Ian questioned Cecile in 1995 about her father’s abuse and was told; ‘Dad asked me to be his mistress and I refused, so after that I didn’t have any bad things…”
With Yvonne he was more insistent: “He wanted her to go inside and to lie on the bed. But Yvonne didn’t want to go inside…” (she did not comply).
Years later, in their book ‘We Were Five’, Cecile Dionne wrote about her parent’s attitude towards them. “They behaved,” she wrote. “As though they were partners in some unspoken misdeed in bringing us into the world. We were drenched with a sense of having sinned from the hour of our birth. We were riddled with guilt.”
The parents clearly helped themselves to the girl’s trust fund – said to amount to a million dollars by 1940 – to buy a mansion house the girls’s called ‘The Big House’.

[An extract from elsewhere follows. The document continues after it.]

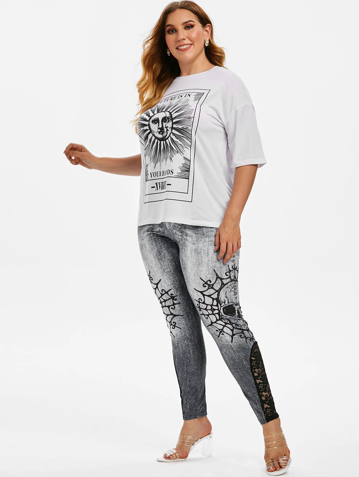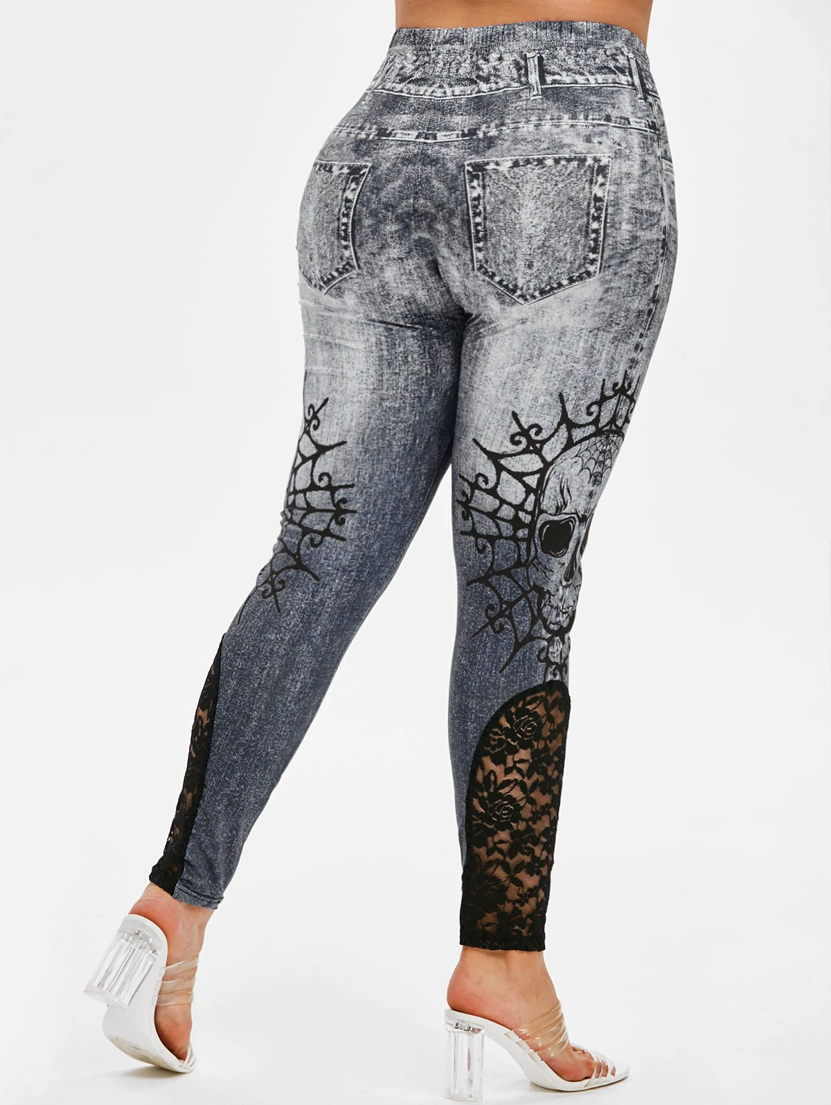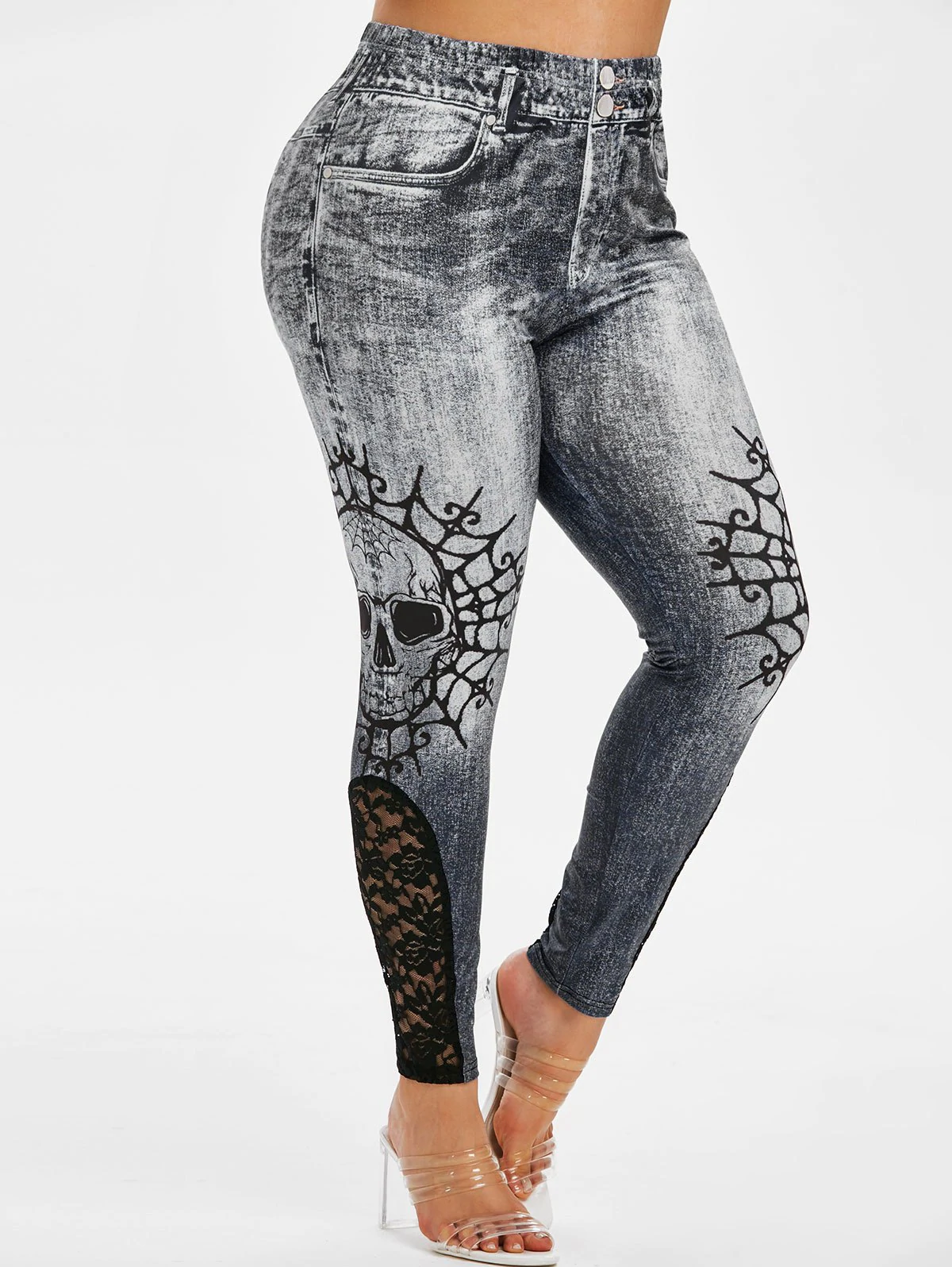 Plus Size Halloween Skull Print Lace Insert Jeggings

“It was the saddest home we have ever known,” Cecile concluded of the mansion.
Although the parents continued to encourage the girls to attend events to earn appearance fees, pubic interest in them slowly dwindled. Royalties from the exclusive photographs declined and the market for merchandise ground to a halt. But as public interest receded, all the quadruplets cared about was the absence of love from their family.

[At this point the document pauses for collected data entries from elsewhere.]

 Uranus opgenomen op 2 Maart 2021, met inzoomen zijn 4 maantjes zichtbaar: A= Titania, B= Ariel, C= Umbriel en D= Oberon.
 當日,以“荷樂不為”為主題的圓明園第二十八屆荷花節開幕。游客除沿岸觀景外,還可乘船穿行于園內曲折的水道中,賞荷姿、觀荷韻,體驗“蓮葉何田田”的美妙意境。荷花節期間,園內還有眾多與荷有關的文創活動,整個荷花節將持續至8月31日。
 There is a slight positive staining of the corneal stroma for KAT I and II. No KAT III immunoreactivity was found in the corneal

‘It’s tough to go on living when you feel that your family doesn’t love you. It’s difficult to live without love. It’s like a plant without water,’ Cecile told the Daily Mail in 2016.

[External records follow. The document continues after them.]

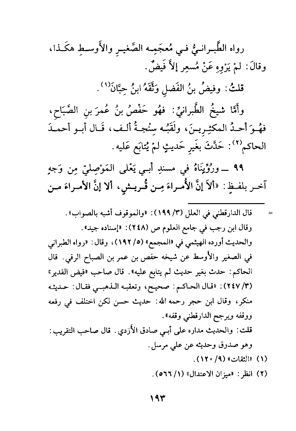 99- ورويناه في مسند أبي يعلى الموصلي من وجهٍ آخر بلفظٍ: ((ألا إن الأمراء من قريشٍ، ألا إن الأمراء من
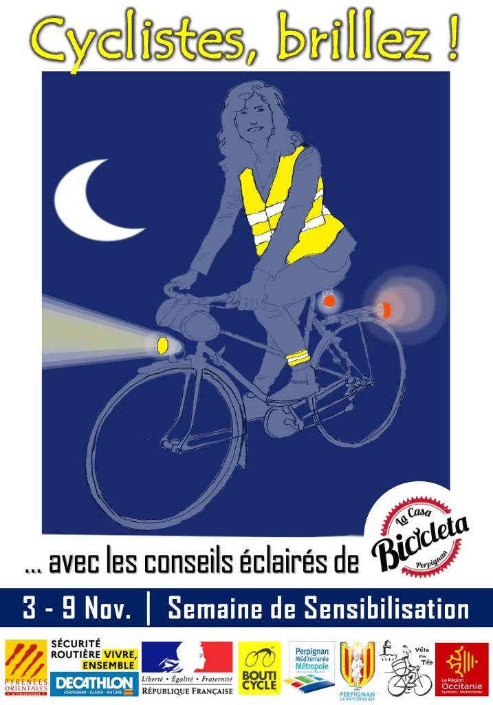 Cette semaine lumineuse sera l’occasion de nous faire voir de tous jeudi 13 Novembre, avec une balade à vélo festive et lumineuse dans le centre ville de Perpignan. On en profitera pour fêter nos 10 ans !
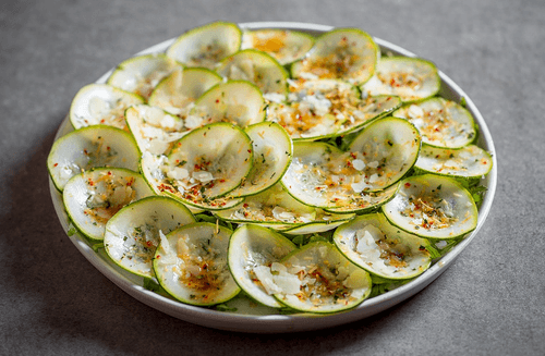 Молодой кабачок — для самых разных сырых закусок овощ практически идеальный: в нем есть текстура, но нет грубости, есть незамутненная свежесть, но без навязчивой травяной составляющей, как, например, бывает у зеленой фасоли или спаржи. Тут украшением карпаччо служат наструганный пармезан и капля трюфельного масла — с ними кабачок расцветает и переходит в разряд праздничных блюд. Найти нежный, молочной спелости кабачок зимой получается не всегда, но его легко заменить на всесезонный и вечно молодой цукини. Рецепт от Сергея Кондакова, шеф-повара ресторана Rossini.
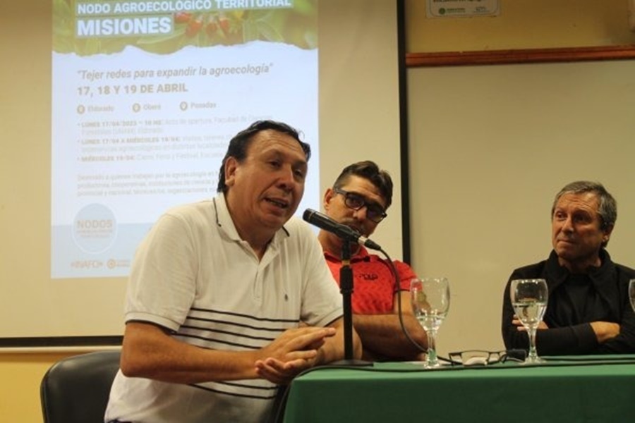 El Vicepresidente del Instituto Nacional de la Yerba Mate (INYM), Ricardo Maciel, participó este lunes 17 de abril en el lanzamiento de Nodos Agroecológico Territorial "Tejer redes para expandir la Agroecología", que se efectuó en la Facultad de Ciencias Forestales de la ciudad misionera de Eldorado.
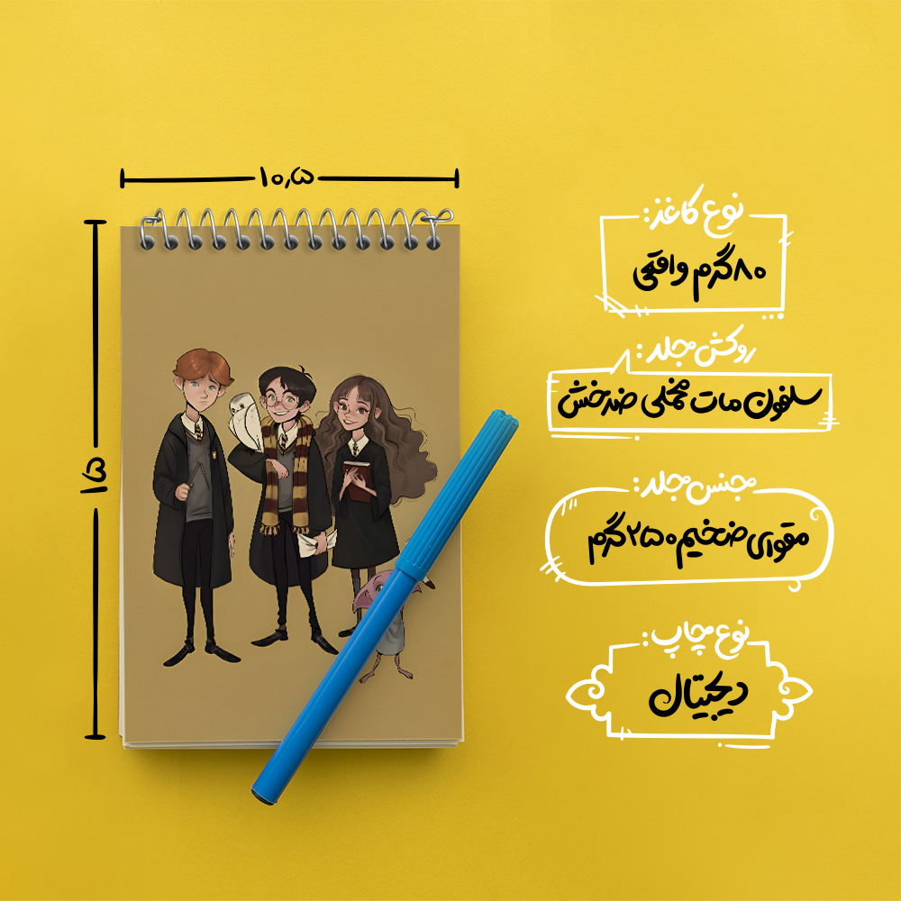 برند خندالو در زمینه تولید انواع دفاتر فانتزی و تحصیلی فعالیت میکند که به دلیل جذابیت ظاهری و طرح های متنوع طرفداران زیادی دارد. دفتر یادداشت خندالو طرح هری پاتر (Harry Potter) محصولی مناسب برای همه عاشقان لوازم التحریر است و همچنین همه کسانی که بنا به موقعیت تحصیل یا شغلشان با دفتر و نوشت افزار زیاد سر و کار دارند. در تولید دفتر یادداشت خندالو طرح هری پاتر (Harry Potter) از نوع صحافی فنر مارپیچ استفاده شده که در این نوع صحافی برگه‌ها به راحتی چرخیده و یا بیرون آورده می شوند.
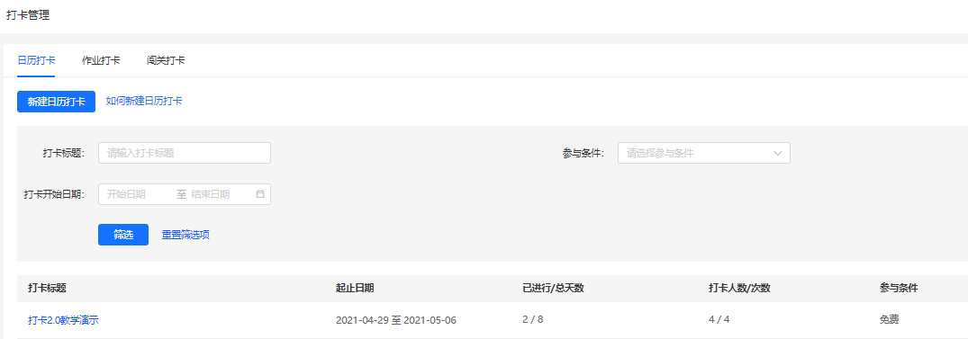 【日历打卡】适合学习周期固定,需要以固定节奏每天或隔天进行学习和记录反馈的课程,如7天训练营,21天训练营等。

The girls had to endure nine years under their parent’s care; working hard and being denied the luxuries enjoyed by their siblings. At the age of 18, their father sent ‘the quints’ to continue their studies at the convent of the Sisters of the Assumption at Nicolet, in Quebec. Emilie and Marie both decided to become nuns. Emilie, who moved to a convent near Montreal, died after suffering from an epileptic fit. She was just 20-years-old.
According to Cecile, Emilie’s death loosened them from the oppression of being the quintuplets. Yvonne and Cecile began nurse training. Marie left the convent and Annette started to study music. At 21, the girls were finally due to access to their trust funds – they had been living off the few dollars their father sent them of their own money.
Cecile married in 1957, Annette a month later and Marie the following year. All three marriages failed. Marie died alone – and undiscovered for three days – in 1970. According to the remaining sisters, Marie was a heavy drinker who ‘neglected herself’ and suffered a suspected blood clot on the brain. Relations between the girls and their parents were never restored. From the mid-50s until his death in 1979, the four girls saw him just five times. Their mother died in 1986. Cecile told the Independent’s Ian Parker she has no regrets because the parents refused to ‘admit that they were wrong’.
“We should have been raised like normal children,” she concluded.
In 1998 the three surviving sisters sued the Ontario government, seeking damages for the trauma caused by their unorthodox up-bringing and for a share of the revenue earned during their years under state care. They reached a settlement of four million Canadian dollars ($2.8million USD) and split it equally, one portion going to their late sister Marie’s children.
A final sad footnote to the quintuplet’s story concerns Cecile. With her health declining, she moved into a private care home with the fees being paid out of her bank account administered by her son Bertrand (the third of her four children and a twin whose brother died). In 2012, the payments stopped. Bertrand – and Cecile’s money – had disappeared. According to the Montreal Gazette, Cecile’s attempt to track him down have proved futile and she now lives on a government pension.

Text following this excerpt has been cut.